We all keep hearing the term “artificial intelligence” all around, but few people understand that this is just a marketing trick. There is no such thing as Artificial Intelligence, in the most original sense of the word. Not yet anyway. Instead, there is a set of quite effective machine learning methods, which are developing rapidly and get better and better at solving some tasks.
What is a machine learning algorithm? This is a kind of program (and it doesn’t matter on neural networks or any other architecture) that learns from examples, and which tries to generalize the examples obtained, and reproduce similar behavior on other examples from the subject area, which it has never seen before.
Tonfotos currently uses multiple different machine learning algorithms for different stages of face processing:
- Face detection in a photo
- Determining the geometry of faces for its subsequent normalization
- Calculating attributes of faces so that you can compare how similar they are
- Clustering similar faces into groups
However, what is important for our discussion, is that all algorithms are trained on some kind of training sample (which is never representative enough, and often also contains errors) to achieve maximum results. And the result is a certain metric, for example, the ratio of correctly and incorrectly guessed results (for example, faces).
So, we come to the main point. These neural networks never reach 100% quality as a result of training. There is and always will be some percentage of errors. And if some machine learning engineer says that he has reached 100%, then he most likely be fired for incompetence, because he just made common mistake of overfitting. In practice it means that the model simply memorized the entire training sample, instead of making generalisation, and will work poorly in real conditions.
So conclusion number 1: there will always be examples on which the network will make mistakes. No matter how good it is. Even if it gives 99.98% quality (which is generally fantastic for the face recognition task at the moment), this means that out of 100,000 recognized faces, 20 will be erroneous.
But that’s not all. There are very good neural networks from the best research centers that give a really good result, more than 99% (again, let’s leave aside for simplicity of presentation what exactly these percentages mean), for example, there is an article: https://paperswithcode.com/sota/face-verification-on-labeled-faces-in-the there are even the results of an independent study. And even these best networks in the world give errors of several tenths of a percent. However, those networks will not even run on regular home PC, unless it has couple of most expensive NVidia video cards plugged in for some reason.
Therefore, the second factor pops up here - in real conditions, simplified network architectures are always used, which represent a compromise between accuracy, speed and demand for computing resources. Which means that they give an even higher percentage of errors, but can still run on relatively outdated computers with reasonable speed.

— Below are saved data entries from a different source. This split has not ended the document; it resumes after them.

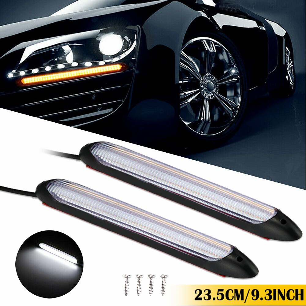 2X 23.5CM LED Strip-Lights DRL Daytime Running Sequential Turn Signal Headlights
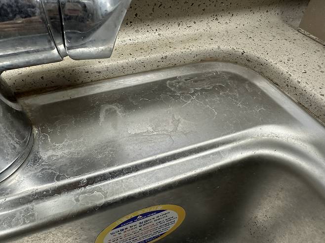 싱크대에 물기가 마르면 생기는 하얀 물 얼룩인데요. 깨끗하게 청소해도 지저분해 보여서 정말 신경 쓰이더라고요.
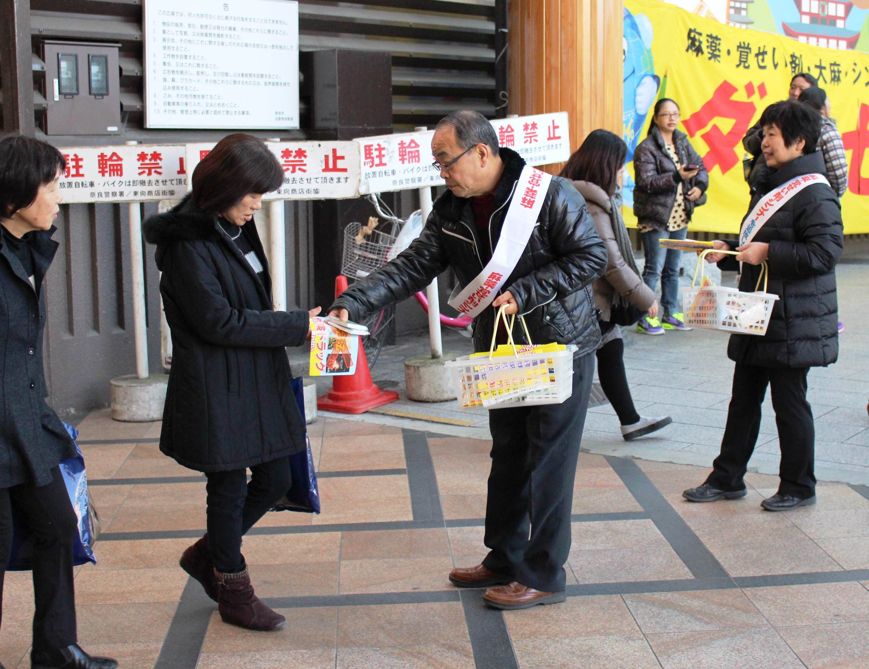 薬物乱用の危険性を知ってもらおうと、奈良市の近鉄奈良駅前広場で8日、薬物乱用防止街頭キャンペーンが行われた。
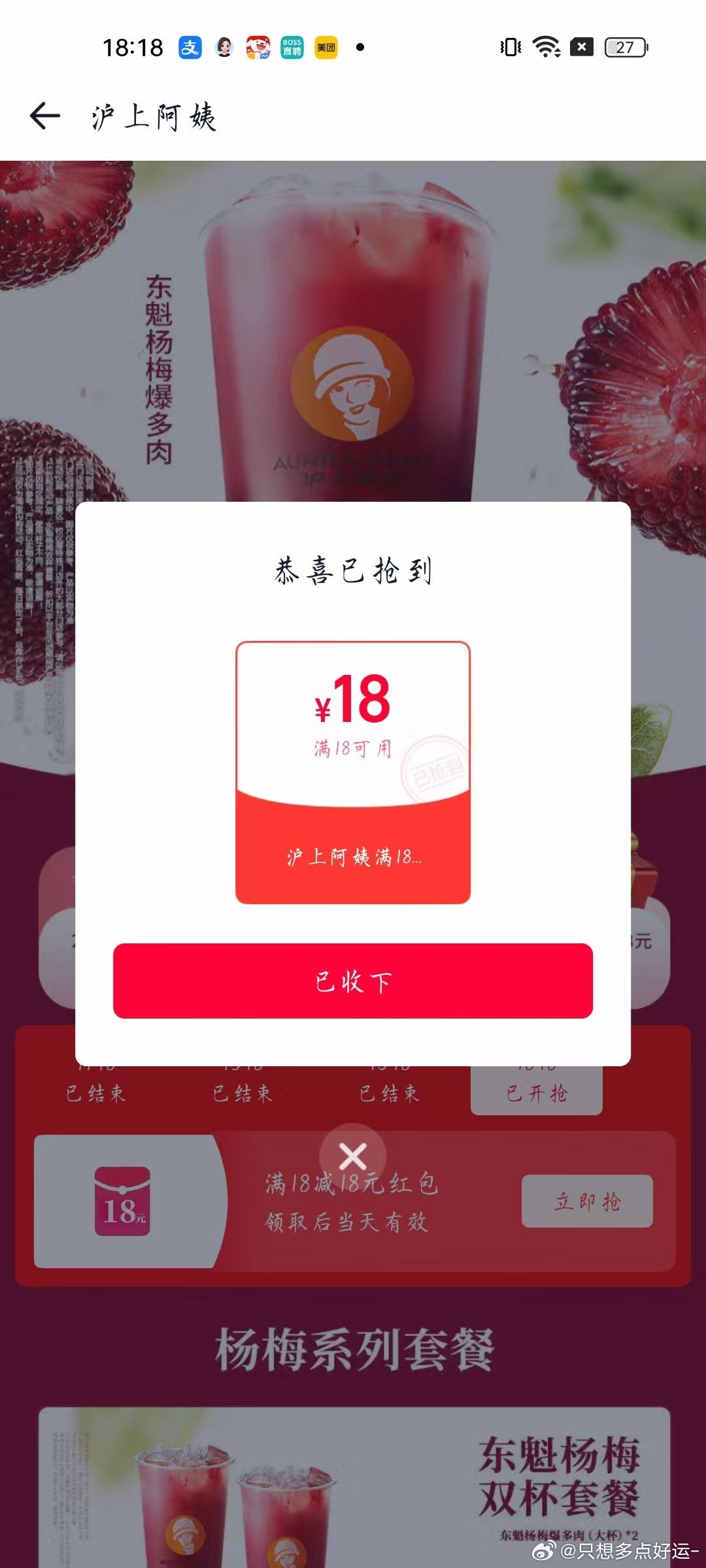 饿了么搜:沪上阿姨 横幅进 ⏰18:18 今天最后一场 每场2500份18虹包 26截 👉mp://...
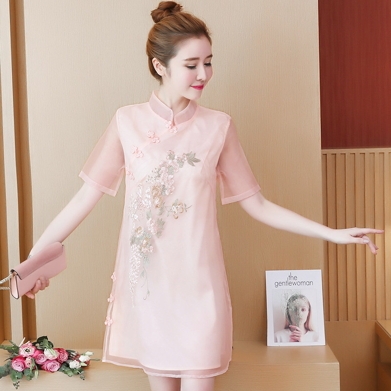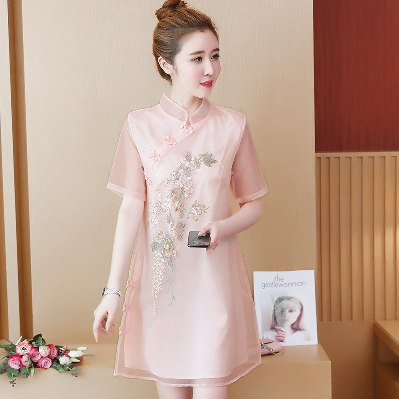 2023 summer new women's large size chiffon dress foreign style loose belly cover slimming improved cheongsam skirt for women
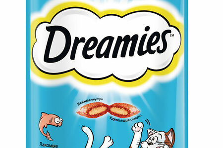 Dreamies с лососем это лакомство, которое любят все коты на свете. Смело заводите дома аквариум, ваш усатый рыбак больше не обратит внимания на рыбок, ведь есть аппетитные хрустящие подушечки dreamies с нежным лососем внутри! Просто рыбная сказка для вашего кота! В состав dreamies лакомые подушечки входят важные для кошки питательные вещества, витамины и минералы, а значит, такое угощение приносит не только радость, но и пользу.
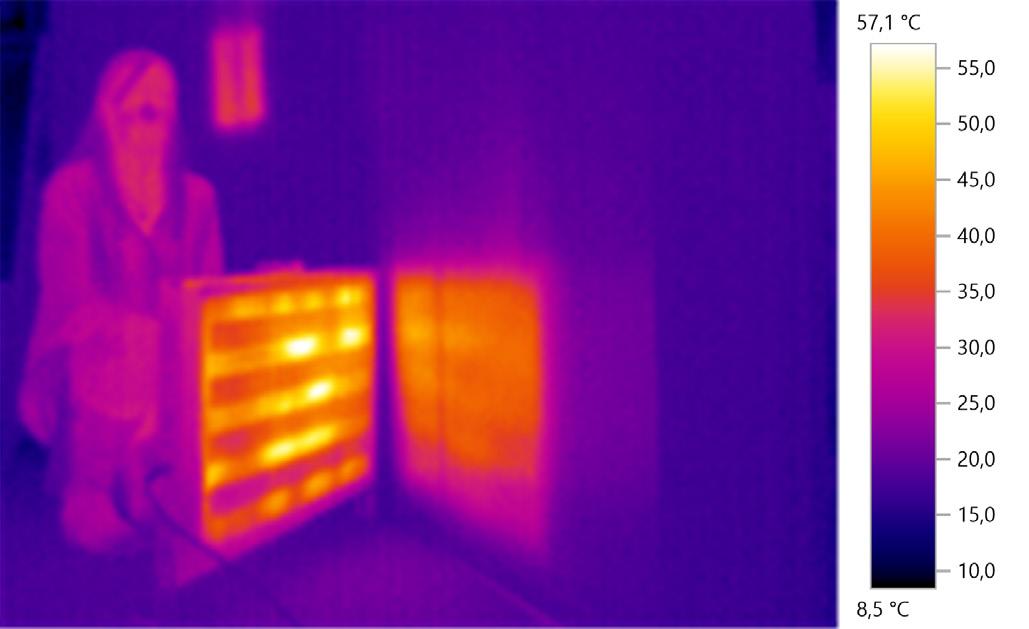 Fuktigheten fra veggen slipper ut i form av vanndamp gjennom modulen og inn i rommet, og etter oppvarmingsfasen også gjennom baksiden av veggen.
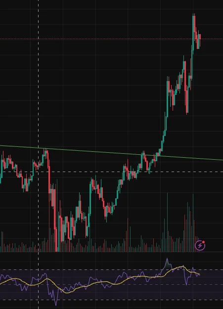 15분봉 차트이고 끝부분의 가격은 올라가는데 RSI는 내려가 하락 다이버전스가 발생해 가격이 소폭 하락한 것을 확인 할 수 있습니다.
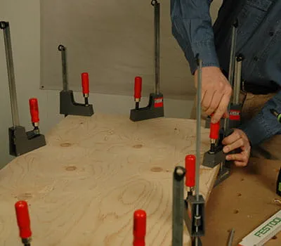 Paina alusrakenne verhouksen päälle ja kiinnitä se puristimilla ensin keskeltä ja sitten toisen päätylistan kohdalta. Hyvän tuloksen saavuttamiseksi kiinnitetään mahdollisimman monta puristinta. Jos kuivumisen jälkeen on vielä rakoja, tiivistä ne katon sisäpuolelta silikonilla.

And here we come to statistics. Tonfotos usually processes very large archives. Mine is about terabyte large. Under a hundred thousand photos, several hundreds of thousand faces. On such a scale, there will always be enough mistakes to demonstrate even for world-best networks, let alone ones that can run on average computers. So if we only focus on errors, we will aways find enough of them. However, why not focus on the bright side? @leonardoa mentioned 16,000 successfully recognised faces, and that only for just one person of many, right? I believe, program already finished working on something it was able to recognize with high accuracy, and now all that is left are challenging cases, that is why you see more and more of them. However, if you just look into proportion of successfully processed faces, I would say that program already did great job!
A funny fact. Usually people tend to evaluate these errors like the ones you sent above from the human perspective: “It’s obvious, as a person, I would never have make such a mistake, why program does it?” I do not have research at my hand to prove it, but in my experience with other AI systems I worked throughout my career, I would assume that percentage wise, even of those simplified networks that Tonfotos uses, most likely will beat average human in accuracy in fair experiment. It’s just experiment has to be fair. Just like program, person should also look at the thousands of plain photos of complete strangers and try to match them with the library of sample faces. Something tells me, that regular person would do that much slower and make significantly more mistakes. Yes, perhaps the mistakes will not be as “funny” as those that you have given here for example, a person will make mistakes on another type. But it will inevitably happen, and I dare to assume that people would be less efficient in this task than a program. Especially if the people on the photos are unfamiliar to the person.
Well, probably this is not kind of answer you expected. However, I hope it helps you to understand, that program does make mistakes from time to time, and this is totally OK, unless in general it does it job well. And it is totally OK if those mistakes may look stupid, because program is not human and analyses photos differently. There are definitely cases when program does much better job than people in face recognition(like on dark and low contrast photos).
Another point I would like to repeat - if you already marked up a lot of faces, and program starts to showing you more and more strange suggestions - that probably means there are no more good suggestions left to show you, and it tries to scrape a bit more out of what left. Probably it is time to stop there, as program already reached it’s limit.